> **What is needed**
Return the following from the records below: each line, word for word, starting with the line that contains "More information about" and going on through the line that contains "A Persian semi-antique", with nothing outside that range.

> **Entries provided**
□ □ □
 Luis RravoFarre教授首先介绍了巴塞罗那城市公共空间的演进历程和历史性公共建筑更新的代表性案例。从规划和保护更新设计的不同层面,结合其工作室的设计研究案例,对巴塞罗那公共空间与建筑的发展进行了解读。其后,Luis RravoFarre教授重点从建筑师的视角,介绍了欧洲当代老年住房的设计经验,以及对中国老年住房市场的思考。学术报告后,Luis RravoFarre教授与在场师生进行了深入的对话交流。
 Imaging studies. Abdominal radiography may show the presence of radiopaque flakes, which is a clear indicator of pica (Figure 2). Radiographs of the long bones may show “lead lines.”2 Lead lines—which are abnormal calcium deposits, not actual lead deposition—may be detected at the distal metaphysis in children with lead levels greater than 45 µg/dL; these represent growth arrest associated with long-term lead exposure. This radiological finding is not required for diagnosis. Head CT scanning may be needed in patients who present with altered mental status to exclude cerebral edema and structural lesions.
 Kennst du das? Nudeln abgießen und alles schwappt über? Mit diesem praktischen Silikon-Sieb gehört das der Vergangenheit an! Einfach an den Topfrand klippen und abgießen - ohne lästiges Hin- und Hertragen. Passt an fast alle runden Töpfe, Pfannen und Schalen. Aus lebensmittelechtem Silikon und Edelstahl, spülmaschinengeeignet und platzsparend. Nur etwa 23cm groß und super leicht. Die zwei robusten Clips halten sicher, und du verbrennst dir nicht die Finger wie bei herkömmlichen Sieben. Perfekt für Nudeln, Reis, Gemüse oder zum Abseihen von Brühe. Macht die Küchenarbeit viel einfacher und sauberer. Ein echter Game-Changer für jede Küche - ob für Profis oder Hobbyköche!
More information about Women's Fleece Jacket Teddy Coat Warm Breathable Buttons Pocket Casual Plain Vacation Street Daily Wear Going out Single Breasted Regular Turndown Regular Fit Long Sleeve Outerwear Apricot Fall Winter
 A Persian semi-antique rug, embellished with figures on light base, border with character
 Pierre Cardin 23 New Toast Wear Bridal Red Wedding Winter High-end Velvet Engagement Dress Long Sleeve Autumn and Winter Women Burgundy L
□ □ □
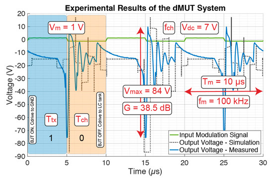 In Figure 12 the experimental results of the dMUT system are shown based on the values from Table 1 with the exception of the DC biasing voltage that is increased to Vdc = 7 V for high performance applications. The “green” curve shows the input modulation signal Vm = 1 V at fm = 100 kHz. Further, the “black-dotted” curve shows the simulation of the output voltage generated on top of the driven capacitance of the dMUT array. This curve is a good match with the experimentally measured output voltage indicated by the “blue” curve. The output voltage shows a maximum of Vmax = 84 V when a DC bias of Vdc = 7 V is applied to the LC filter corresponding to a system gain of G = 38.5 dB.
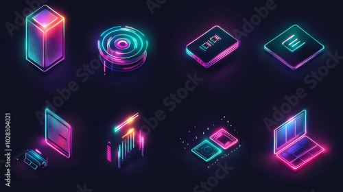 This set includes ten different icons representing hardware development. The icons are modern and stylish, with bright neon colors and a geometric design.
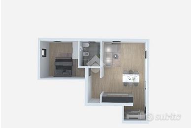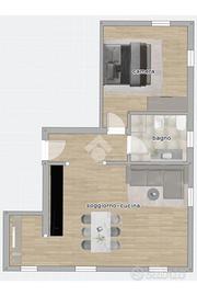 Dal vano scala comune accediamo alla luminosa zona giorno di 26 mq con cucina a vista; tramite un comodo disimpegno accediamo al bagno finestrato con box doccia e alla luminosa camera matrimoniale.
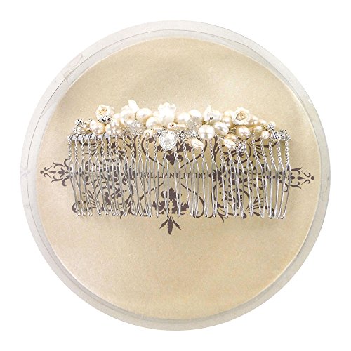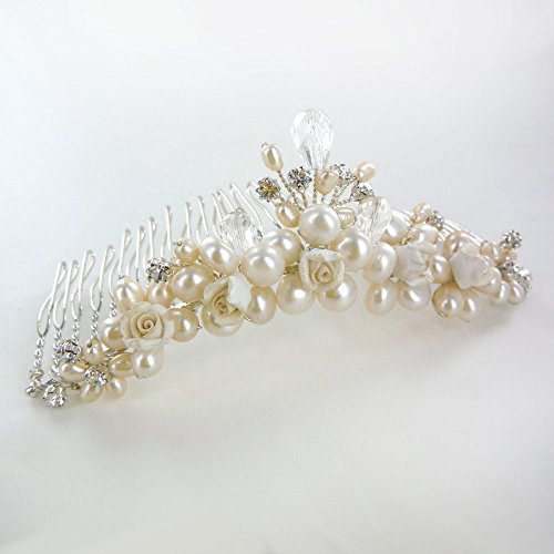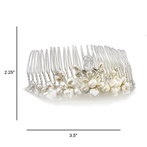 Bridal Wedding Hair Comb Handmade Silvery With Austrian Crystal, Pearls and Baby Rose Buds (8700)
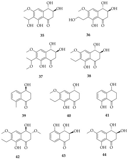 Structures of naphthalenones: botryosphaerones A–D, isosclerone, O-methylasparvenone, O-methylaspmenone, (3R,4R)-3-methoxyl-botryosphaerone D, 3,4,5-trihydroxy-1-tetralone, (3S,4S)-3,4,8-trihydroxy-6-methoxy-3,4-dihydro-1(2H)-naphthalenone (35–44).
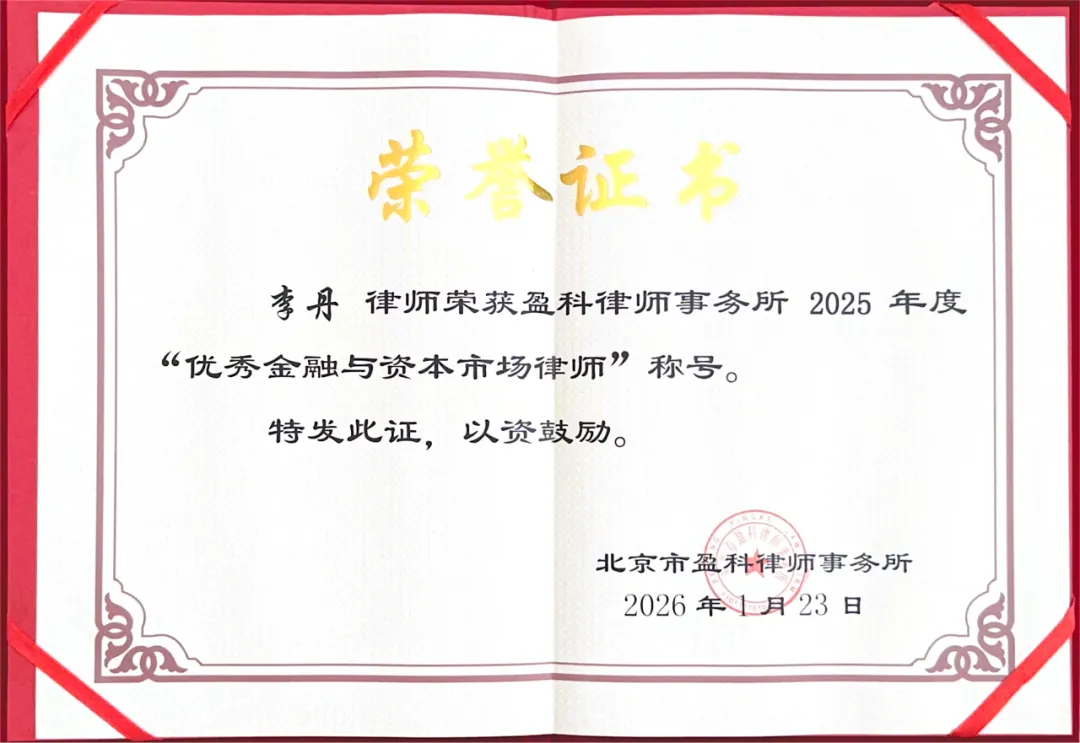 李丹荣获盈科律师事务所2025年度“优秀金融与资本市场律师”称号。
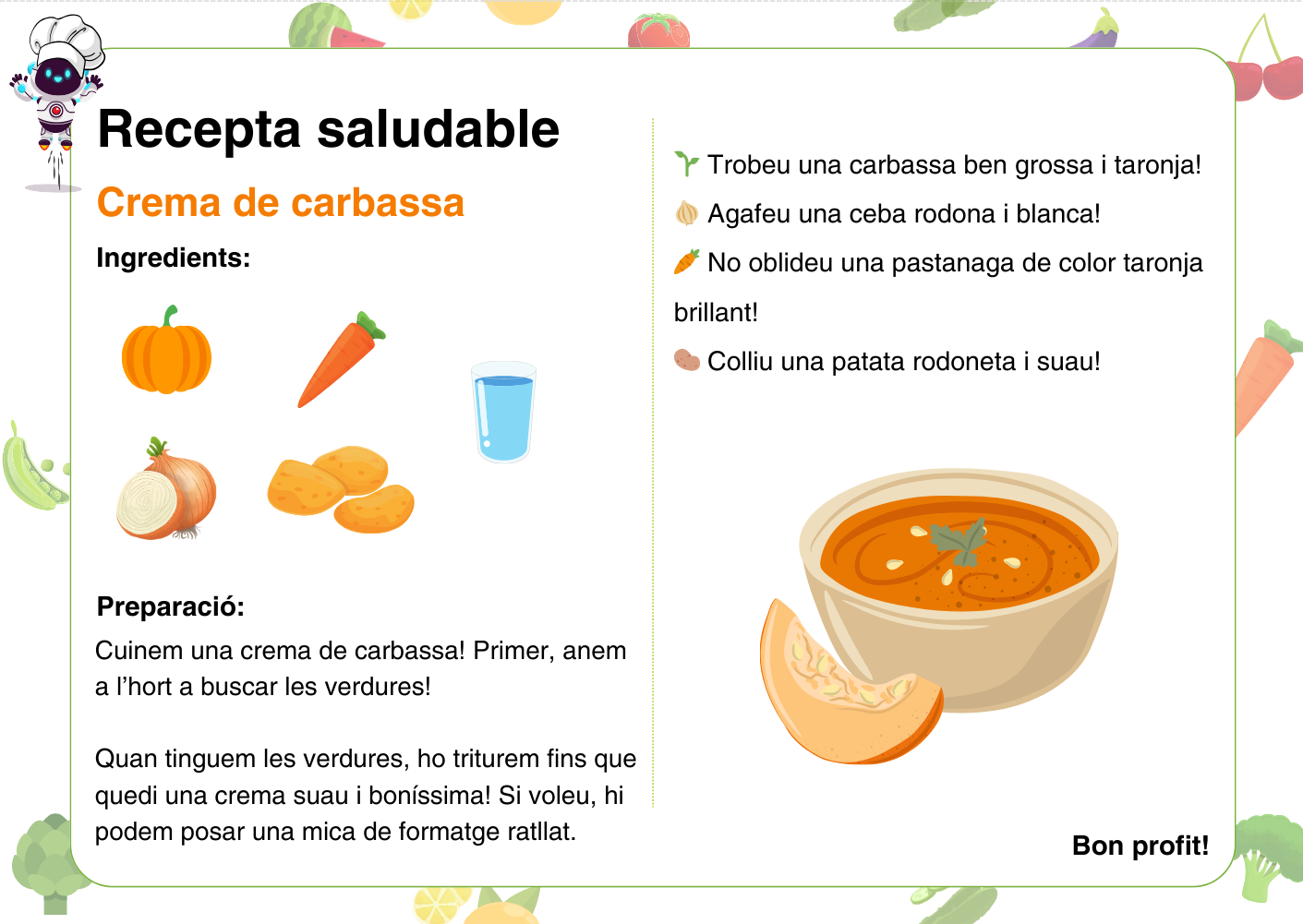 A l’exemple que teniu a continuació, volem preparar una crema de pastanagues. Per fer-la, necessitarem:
□ □ □
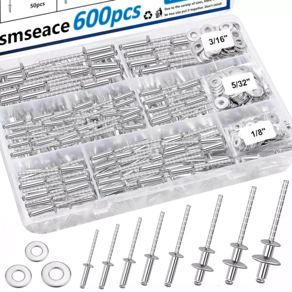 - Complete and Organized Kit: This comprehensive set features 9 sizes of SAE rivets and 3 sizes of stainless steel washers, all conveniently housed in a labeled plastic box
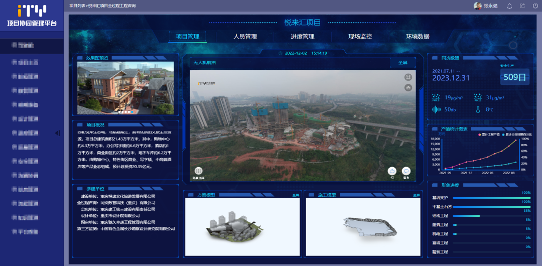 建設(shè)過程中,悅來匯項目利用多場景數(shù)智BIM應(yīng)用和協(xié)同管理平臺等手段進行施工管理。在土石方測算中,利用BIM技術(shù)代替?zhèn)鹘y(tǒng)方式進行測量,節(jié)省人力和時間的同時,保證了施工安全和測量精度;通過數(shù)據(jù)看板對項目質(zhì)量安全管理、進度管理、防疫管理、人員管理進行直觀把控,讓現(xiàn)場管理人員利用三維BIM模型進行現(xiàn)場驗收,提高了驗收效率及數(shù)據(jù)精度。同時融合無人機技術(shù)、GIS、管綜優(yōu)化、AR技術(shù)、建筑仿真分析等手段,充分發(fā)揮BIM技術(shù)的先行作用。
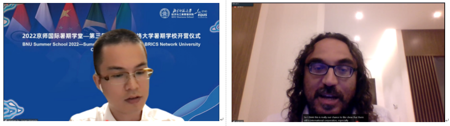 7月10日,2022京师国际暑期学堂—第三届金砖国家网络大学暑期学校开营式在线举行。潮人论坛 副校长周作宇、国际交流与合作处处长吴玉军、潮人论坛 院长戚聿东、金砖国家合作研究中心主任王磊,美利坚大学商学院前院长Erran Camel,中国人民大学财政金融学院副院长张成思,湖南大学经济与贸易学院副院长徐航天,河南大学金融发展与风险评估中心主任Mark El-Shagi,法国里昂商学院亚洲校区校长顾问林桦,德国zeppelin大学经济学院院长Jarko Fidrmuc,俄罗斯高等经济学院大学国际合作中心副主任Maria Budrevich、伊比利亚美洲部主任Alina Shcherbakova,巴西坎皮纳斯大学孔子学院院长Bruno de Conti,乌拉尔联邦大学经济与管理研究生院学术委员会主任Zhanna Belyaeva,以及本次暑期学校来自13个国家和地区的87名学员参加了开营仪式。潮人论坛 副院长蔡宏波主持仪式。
□ □ □
> **Solution**
More information about Women's Fleece Jacket Teddy Coat Warm Breathable Buttons Pocket Casual Plain Vacation Street Daily Wear Going out Single Breasted Regular Turndown Regular Fit Long Sleeve Outerwear Apricot Fall Winter
 A Persian semi-antique rug, embellished with figures on light base, border with character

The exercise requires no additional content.